:: Information shown ::
↓↓↓

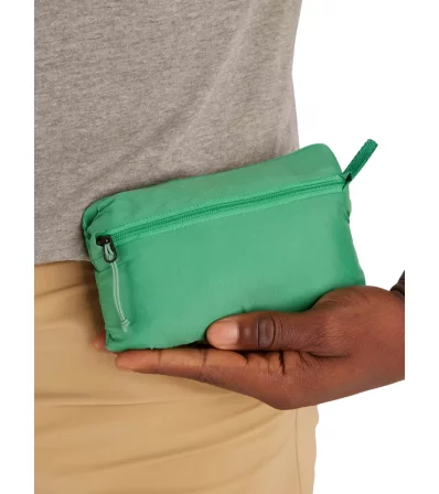 Функционалността е насочена към активна outdoor употреба. Якето разполага с водоустойчив джоб с цип на гърдите, достъпен и при носене на раница или катерачен хамут, а конструкцията позволява моделът да се прибира в собствения си джоб за по-лесно съхранение и транспортиране. Фиксираната качулка с периферно регулиране, регулируемият подгъв и оформените маншети с частично вграден ластик допринасят за по-добро прилягане и защита от вятър и влага.
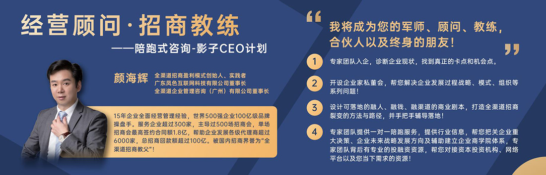 《全渠道招商教练》落地班——由全渠道招商教父颜海辉老师倾力打造,旨在帮助不同类型的连锁企业在不同发展的阶段量身定制全渠道招商落地方案,企业核心团队全员参与。导师全程辅导方法与流程。简单实用,实操性强,是连锁企业通向快速招商制胜的法门所在。
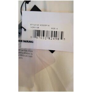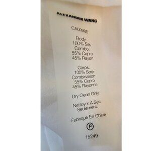 This is an Alexander Wang women's top in a size 6, style number 403205F16. The color is ivory, and the style features a unique layered look with a slightly sheer bottom layer. The top is made from a luxurious mix of fabrics: the body is 100% silk, while the combo layer is a blend of 55% cupro and 45% rayon. The material composition gives the top a beautiful, subtle sheen. Care instructions state dry clean only. It's a versatile piece that could be dressed up for an evening out or paired with trousers for a professional look.

↑↑↑

:: Problem to solve ::
Return the material word for word, images omitted.

:: Solution to this exercise ::
 Функционалността е насочена към активна outdoor употреба. Якето разполага с водоустойчив джоб с цип на гърдите, достъпен и при носене на раница или катерачен хамут, а конструкцията позволява моделът да се прибира в собствения си джоб за по-лесно съхранение и транспортиране. Фиксираната качулка с периферно регулиране, регулируемият подгъв и оформените маншети с частично вграден ластик допринасят за по-добро прилягане и защита от вятър и влага.
 《全渠道招商教练》落地班——由全渠道招商教父颜海辉老师倾力打造,旨在帮助不同类型的连锁企业在不同发展的阶段量身定制全渠道招商落地方案,企业核心团队全员参与。导师全程辅导方法与流程。简单实用,实操性强,是连锁企业通向快速招商制胜的法门所在。
 This is an Alexander Wang women's top in a size 6, style number 403205F16. The color is ivory, and the style features a unique layered look with a slightly sheer bottom layer. The top is made from a luxurious mix of fabrics: the body is 100% silk, while the combo layer is a blend of 55% cupro and 45% rayon. The material composition gives the top a beautiful, subtle sheen. Care instructions state dry clean only. It's a versatile piece that could be dressed up for an evening out or paired with trousers for a professional look.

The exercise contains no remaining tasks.